6. Systems of record allow you to ask better questions of your data
Effective systems of record allow stakeholders to use data more effectively, providing detailed reporting capability – both canned operational reports/dashboards and ad hoc queries to slice and dice data.
Data collection is great but has no value without reporting. Getting the data in is job 1 but understanding the data and using it to make data-driven decisions around operations and funding allocations is crucial to recovery success.
7. Systems of record drive local transparency capability
In addition to providing flexibility in the kinds of questions that can be answered, an effective disaster recovery system of record can be powerful in determining who gets to see those answers. Increased transparency increases public engagement, combats corruption, and shines a spotlight on potential fraud, waste, and abuse. Having the data centralized makes it possible to increase transparency sharing with the public, media, lawmakers, and others.

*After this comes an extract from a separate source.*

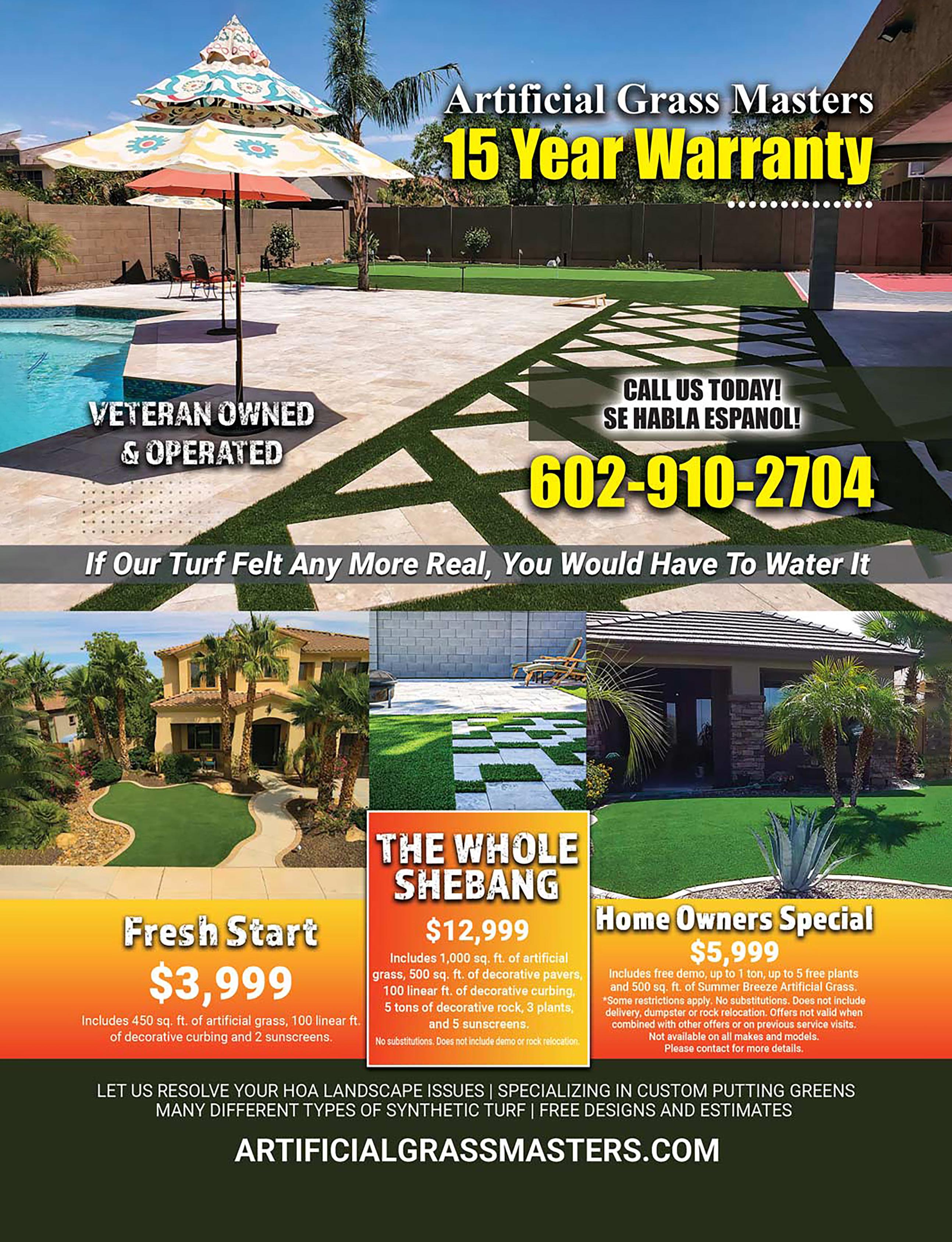 OCTOBER 2022 • THE GRAND SEASON 41FOR ADVERTISING INFORMATION CALL (623) 594-1630 WE WILL BEAT OUR COMPETITORS’ PRICES. SHOP AND COMPARE! ArizonaTurfProfessionals.com Prices include all materials and installation! $2000 job minimum. ROC 328529 Additional discounts available for Veterans, First Responders and all Essential Workers. 623.280.1992 Call for a consultation today! TRUST YOUR ARTIFICIAL TURF PROJECT TO US TAKE BACK YOUR WEEKEND! Pet & Kid Safe Reduces Water Bills No More Mowing Easy Cleaning Long Lasting Environmentally Friendly starting at TURF PAVERS CURBING TRAVERTINE IRRIGATION $4.95 Artificial Turf SQ. FT. starting at $12.95 Travertine SQ. FT. starting at $7.75 Phoenix Pavers SQ. FT. 0% Financing O.A.C. Offer Expires 11/15/22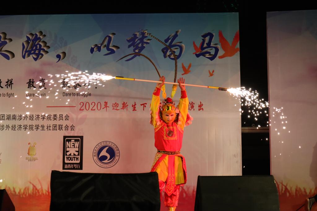 晚会伊始,由新青年乐队带来歌曲表演《海阔天空》。随后,一马音乐社和方舟音乐社带来乐队合作表演《没有理想的人要跳舞吗》,架子鼓与键盘的完美配合,主唱间的默契对唱,瞬间点燃全场气氛;武术协会模仿的孙悟空,手持金箍棒,在一静一动间演绎的火焰秀,更是给大家打造了一场视觉盛宴。紧接着,周子寒同学演唱《突然想起你》,用温柔磁性的嗓音、深情款款的歌声让全场观众沉浸其中,与之共情;NFC街舞社“blackpink”舞团的舞蹈秀《How you like that》,活力满满,魅力四射,更是将现场气氛推向高潮。

8. Systems of record maintain institutional knowledge
For communities that experience repeated disasters, capturing institutional knowledge allows the government to maintain continuity of operations across disasters regardless of staff turnover.

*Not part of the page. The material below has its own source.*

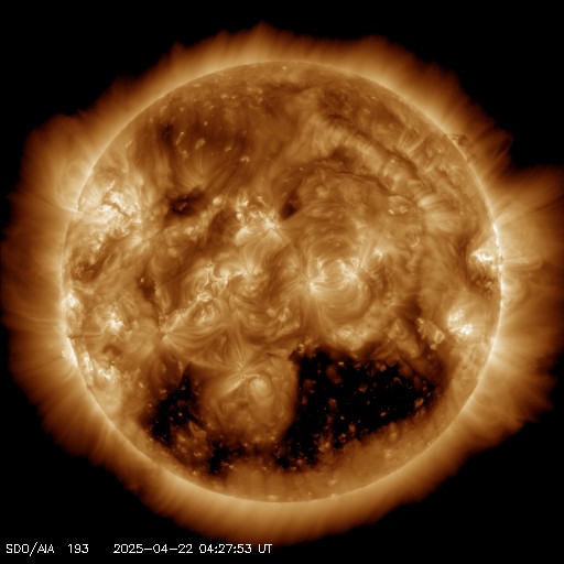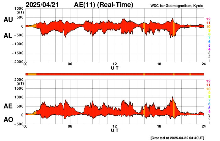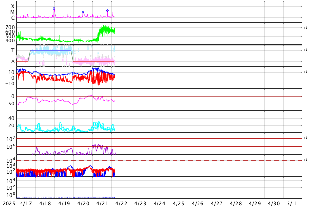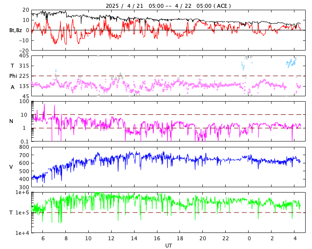 2025/ 4/22 13:44 更新 太陽風は600km/秒台の高速風になっています。磁気圏も活動的です。 担当 篠原 昨日の午後から太陽風の速度が高まり始め、 夕方、21日18時(世界時21日9時)頃に600km/秒、 そして、21日22時(世界時21日13時)頃には、 700km/秒まで高まりました。 その後少し下がりましたが、 現在も630km/秒前後の高速の状態が続いています。 太陽風の磁場強度は、速度が高まると下がり始め、 18nTと強まった状態から、現在は6nTと平均的な値に戻っています。 南北成分は、グラフの前半は南北に変化していますが、 後半はやや北寄りの傾向になっています。 磁気圏の活動は高まっていて、 AE指数は800nT前後の中規模の変化が繰り返し発生しています。 グラフの後半で変化がやや小さくなっているのは、 磁場が北寄りになってきたためでしょう。 SDO衛星AIA193を見ると、 南半球のコロナホールは、 大きい広がりが西半球(右側)に進んでいますが、 南東側(左下)にも次の広がりが見えています。 この領域の影響もやって来ると、 高速風は1週間くらい後まで続くかもしれません。 太陽は、中心部西側(右側)の4062黒点群でM1.9の中規模フレア、 南東の端近くの領域でC9.9の小規模フレアが発生しています。 どちらも特に活動的な様子はありません。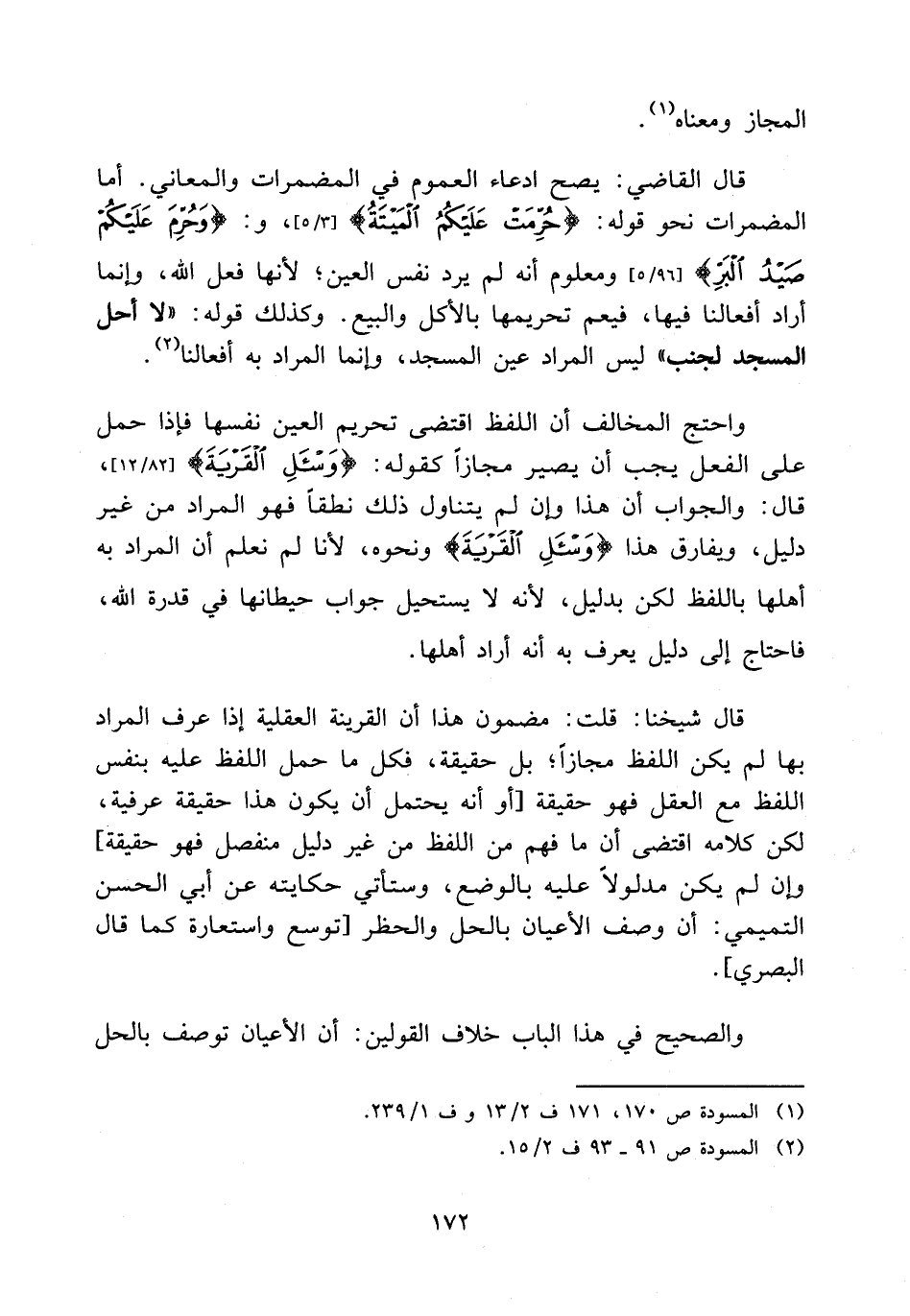 واحتج المخالف أن اللفظ اقتضى تحريم العين نفسها فإذا حمل على الفعل يجب أن يصير مجازا كقوله: {وَاسْأَلِ الْقَرْيَةَ} [82/12] قال: والجواب أن هذا وإن لم يتناول ذلك نطقا فهو المراد من غير دليل ويفارق هذا {وَاسْأَلِ الْقَرْيَةَ} نحوه، لأنا لم نعلم أن المراد به أهلها باللفظ لكن بدليل لأنه لا يستحيل جواب حيطانها في قدرة الله، فاحتاج إلى دليل يعرف به أنه أراد أهلها.

In many cases, state and local governments can lose a lot of background info about what was done previously when key members retire or administrations change. Having a centralized disaster recovery system protects the org against that kind of loss. Storing information isn’t just about applicant data for a specific program. Having the ability to store policy and procedures in a clean and searchable fashion also helps create risk mitigation and protection against “losing” this kind of institutional knowledge that can take years or decades to build up.
Making the case is just the start
Of course, the easy part of having a disaster recovery system of record is identifying the benefits. The real challenge is managing all the data, stakeholders, regulations, and infrastructure needed to pull an effective system of record together so that it can help government officials mitigate, prepare, respond, and recover from disasters.